In the current research, we studied the correlation between CXCR4 polymorphism at rs1804029 and rs17848060 loci and the susceptibility to KOA in 305 cases of KOA patients and 305 healthy controls in Chinese Han population. The results revealed that individuals harboring G allele or T allele at CXCR4 rs1804029 site were more susceptible to KOA. Moreover, subjects with G allele at rs1804029 site had lower level of hsa-miR-146a-3p in the plasma, while hsa-miR-20a-3p was highly expressed in subjects with T allele at rs17848060 locus. Dual-luciferase assays further proved that hsa-miR-146a-3p could bind to CXCR4 carrying G at rs1804029 locus, and CXCR4 with A genotype at rs17848060 site was one of the target genes of hsa-miR-20a-3p. Therefore, it was inferred that SNPs at CXCR4 rs1804029 and rs17848060 loci were significantly associated with KOA susceptibility in the Chinese Han population.
CXCR4 is located on chromosome 2q21 and contains two exons and one intron (Federsppiel et al. 1993; Herzog et al. 1993; Wegner et al. 1998). Generally, the 3′-UTR of a gene has a regulatory region for gene expression. Gene mutations in the regulatory region can affect regulation of gene expression; therefore, SNPs in regulatory region are related to the occurrence and development of several diseases (An et al. 2006; Hashemi et al. 2018; Revathidevi et al. 2016; Seegers et al. 2002). The rs1804029 site is located at the 3′-UTR targeted binding site of hsa-miR-146a-3p on CXCR4. The G to T allele mutation at this site can break the interaction between hsa-miR-146a-3p and the 3′-UTR of CXCR4. Similarly, the rs17848060 site is within the binding site of the hsa-miR-20a-3p and CXCR4. The A > T allele mutation can affect the binding between hsa-miR-20a-3p and 3′-UTR of CXCR4. After adjusting for age, gender, BMI, smoking history, drinking history, knee injury history, and KOA family history, the KOA susceptibility of heterozygosity (TG) at the CXCR4 rs1804029 locus and dominant model was significantly increased.
Although there was no significant increase in KOA susceptibility of homozygosity (GG), additive model and recessive model, the overall analysis showed that the KOA susceptibility of carriers with G allele at CXCR4 rs1804029 locus was statistically increased. The reason may be that the sample size of the G allele carrier of the CXCR4 rs1804029 locus was small, especially the sample size of the subjects carrying GG genotype was small, which led to a large error in statistical analysis. The KOA susceptibility of the heterozygous, homozygous, dominant model, and recessive model of CXCR4 rs17848060 locus had significantly increased. Although the KOA susceptibility of the additive model was not significantly increased, CXCR4 with T allele at rs17848060 locus was a susceptible gene for KOA.

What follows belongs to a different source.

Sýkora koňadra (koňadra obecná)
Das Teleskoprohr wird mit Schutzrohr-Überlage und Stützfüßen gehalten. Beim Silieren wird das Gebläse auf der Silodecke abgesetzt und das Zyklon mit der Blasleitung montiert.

Stratified analysis is very important in analyzing the correlation between gene SNPs and development of disease (Wang et al. 2018; Wang et al. 2017; Wu et al. 2015). In the present study, stratified analysis was conducted for the baseline information of enrolled subjects. As expected, stratified analysis of factors including gender, age, BMI, smoking history, drinking history, knee injury history, and KOA family history had a great impact on the correlation between the SNPs at CXCR4 rs17848060 locus and KOA susceptibility, indicating the necessity of stratified analysis for different groups of subjects. In addition, in the stratified analysis, compared with subjects with TT genotype at rs1804029 locus, the KOA susceptibility was significantly higher in the subjects who carried TG and GG genotypes and had drinking history. When the prior probability was 0.1, the FPRP was less than 0.2, suggesting that the sample size was small and the results of the analysis may be biased.

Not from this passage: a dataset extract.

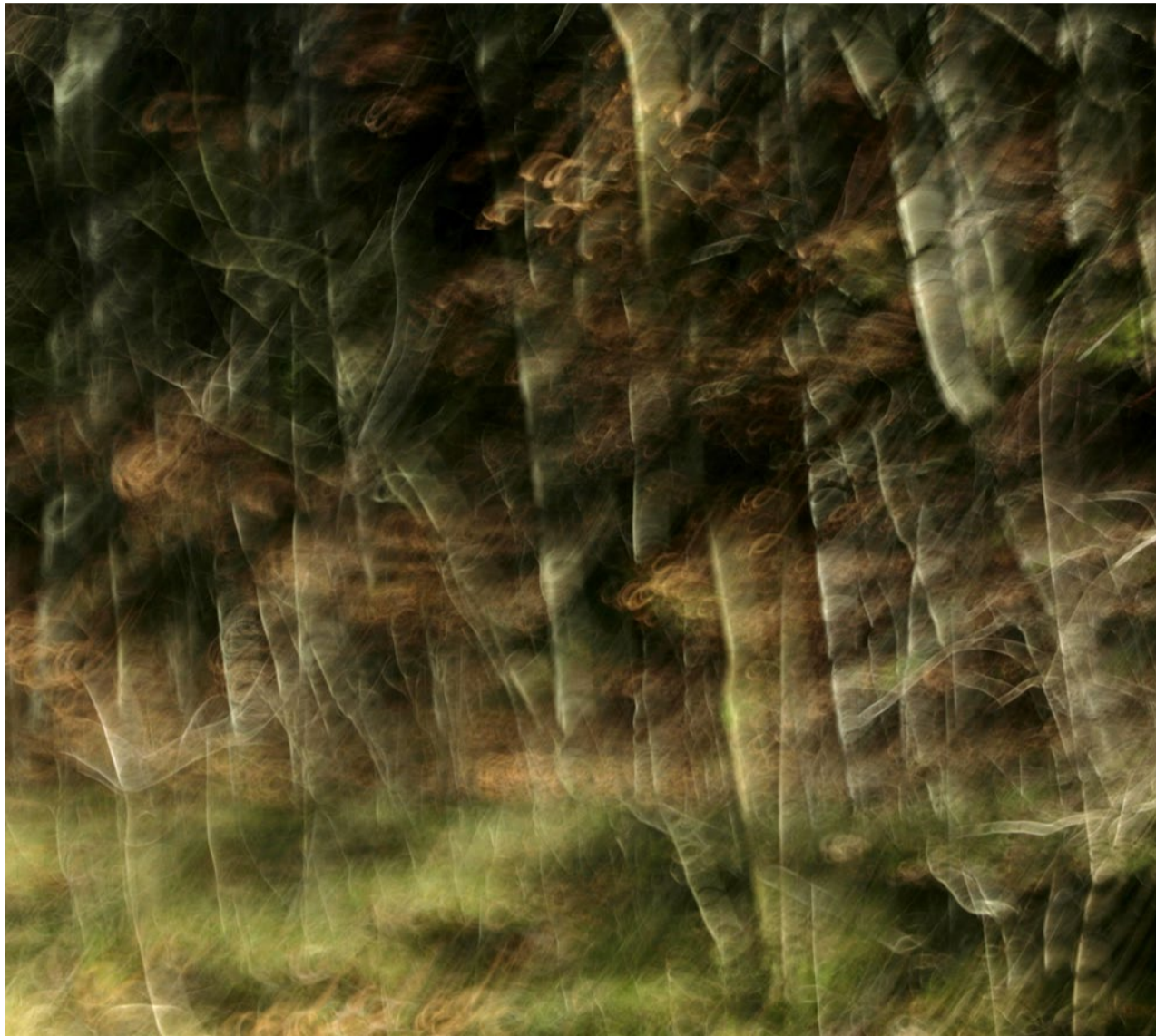
Wer mit dem sechsten, siebten oder achten Sinn sieht, nimmt die Dinge anders wahr.

MDR was applied to analyze the interaction between SNPs at CXCR4 rs1804029 and rs17848060 loci and the factors including age, gender, BMI, smoking history, drinking history, knee injury history, and KOA family history. The results showed that the interaction between drinking, knee injury history, and knee osteoarthritis family history and SNPs at rs1804029 and rs17848060 loci had the greatest predictive value for KOA susceptibility, indicating that the occurrence of KOA may be induced by multiple factors.

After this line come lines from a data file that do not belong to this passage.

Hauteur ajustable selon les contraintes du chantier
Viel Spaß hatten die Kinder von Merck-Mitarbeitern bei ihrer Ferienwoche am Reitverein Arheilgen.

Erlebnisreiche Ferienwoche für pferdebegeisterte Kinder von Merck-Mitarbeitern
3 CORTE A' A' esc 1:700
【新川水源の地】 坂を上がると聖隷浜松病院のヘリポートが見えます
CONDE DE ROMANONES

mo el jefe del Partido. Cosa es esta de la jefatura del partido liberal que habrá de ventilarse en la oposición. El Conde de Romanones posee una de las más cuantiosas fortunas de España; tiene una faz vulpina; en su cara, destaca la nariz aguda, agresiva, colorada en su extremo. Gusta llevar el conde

To probe the potential mechanism, dual-luciferase experiments and bioinformatic assays were conducted to investigate the interaction between SNPs at CXCR4 rs1804029 and rs17848060 sites and predicted miRNAs; experimental data demonstrated the presence of CXCR4 with G allele at rs1804029, and CXCR4 with A allele at rs17848060 locus. Although the levels of miRNA in plasma were consistent with the results of dual-luciferase assay, we did not have data on the expression level of CXCR4 protein in articular cartilage tissue, and further experiments were needed for further verification.
In summary, there are still some limitations in this study that need to be overcome; in particular, the limitation of the sample size affects the objectivity of the results, which need to be further verified in a large sample size. In addition, potential mechanisms need to be deeply explored in both in vitro and in vivo models.